Question: I purchased three units in a six-unit building and I intend to use all three as my principal place of residence. Can I transfer the base year value to all three units?
Answer: Only one unit is eligible for the base value transfer value. Here, the transfer would be granted only if physical construction is undertaken to convert multiple units into a single merged unit. This new construction must be completed within two years of the sale of the original property.
Question: If I make an improvement to my replacement home after I transferred the base year value to it, can I get additional tax relief for the new construction?
Answer: Yes, provided (1) the construction is completed within two years of the sale and (2) the full cash value of your new construction plus the market value of your replacement home when purchased does not exceed the market value of the original property as determined for the original claim. You must notify the assessor in writing within 6 months after completion of the new construction.
Question: I sold my original property last year and purchased a replacement property (Property 2). I am not sure I like where my replacement property is located. If I purchase another property (Property 3), can I transfer my base year value to Property 3 if it meets the timing and value requirements?
Answer: There is nothing in section 69.5 that requires the first home you purchase be your replacement dwelling. Thus, you can own and occupy an interim residence. As long as you do not file a claim to transfer the base year value to this interim residence, this purchase will not factor into your eligibility to ultimately transfer your base year value. In the situation you presented, your purchase of Property 2 will not have any effect on the Proposition 60 eligibility of Property 3 as long as you do not file a Proposition 60 claim for Property 2.

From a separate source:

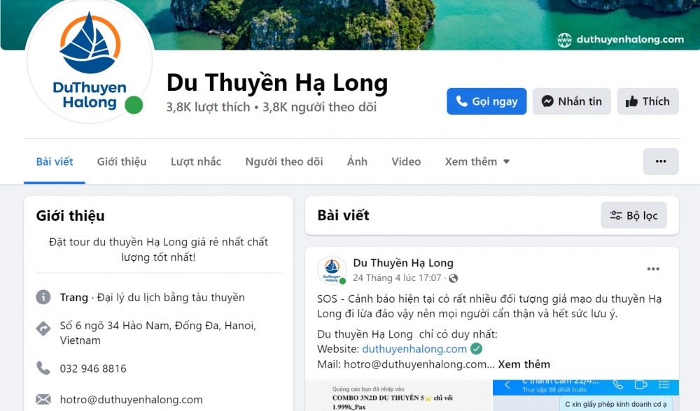 Đơn vị quản lý Du thuyền Hạ Long lên tiếng cảnh báo du khách về việc bị giả mạo fanpage lừa đảo khách hàng đặt tour du lịch.
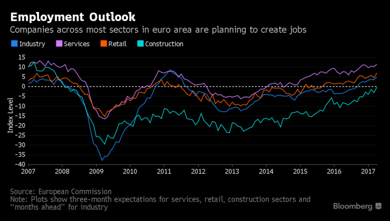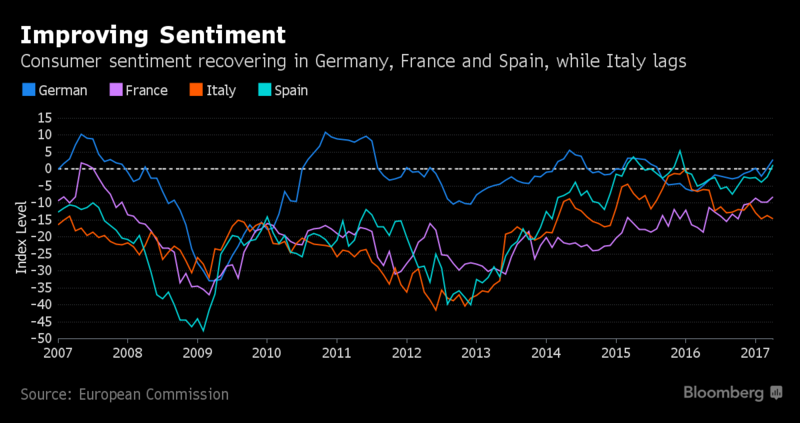 Per gli analisti, strettamente correlato ai dati sulla disoccupazione è la fiducia dell’Eurozona. Migliori opportunità di trovare un impiego incrementano la propensione al consumo. Ad aprile il sentiment economico è salito ai massimi di 10 anni. Bisogna precisare, però, che mentre i consumatori in Germania, Francia e Spagna sono piuttosto ottimisti, stesso discorso non vale per gli italiani, secondo i quali i benefici derivanti da migliori prospettive economiche sono stati scarsi.

Question: I plan to relocate from Los Angeles County to San Francisco County. Do both counties have to have ordinances that accept intercounty transfers?

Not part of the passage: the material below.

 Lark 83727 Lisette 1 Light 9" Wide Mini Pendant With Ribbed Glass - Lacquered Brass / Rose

Answer: No, only the county in which your replacement property is located must have an ordinance that accepts intercounty transfers. It does not matter what county in California your original property is located in.
Effective Dates/Eligible Time Periods
Question: If a replacement home is newly constructed, what is the date of completion?
Answer: The date of completion of a newly constructed replacement home shall be the date that the property has been inspected and approved for occupancy by the local building department, or, if there is no such inspection and approval procedure, the date when the prime contractor has fulfilled all of the contractual obligations. If inspection and approval procedures are non-existent and there is no prime contractor, the date of completion is when outward appearances clearly indicate it is immediately usable for the purpose intended.
The construction on replacement property must be completed within two years of the sale of the original property to qualify for Proposition 60/90 tax relief. The replacement lot may be purchased any time, but completion of the construction on the lot must occur within two years of the sale of the original property. In addition, the market value of the lot and new constructed home on date of completion of construction must meet the equal or lesser value test.
Question: Is there any extension of the two-year period after I sell my home if construction on my new home is delayed due to unforeseen circumstances beyond my control?
Answer: Regardless of the reason, if the new construction is not completed within two years, the property will not qualify for property tax relief. There is no provision for any exception due to hardship or other factors which may have prevented compliance with the two-year time period from the date of sale of the original property.
Question: I purchased a replacement dwelling in March 2015. My original property later sold in November 2016 and I filed a claim to transfer the base year value. Is the date of transfer the date I purchased the replacement dwelling?
Answer: Assuming you meet all the qualifications for a Proposition 60/90 base year value transfer, the base year value is transferred as of the latest qualifying date:
The date the original property sold; or
The date the replacement property is purchased; or
The date the new construction of the replacement property is completed.
In your case, the base year value would be transferred as of November 2016 because that is the latest qualifying date. You are responsible for the increased taxes from the time the replacement property was purchased until the original property was sold.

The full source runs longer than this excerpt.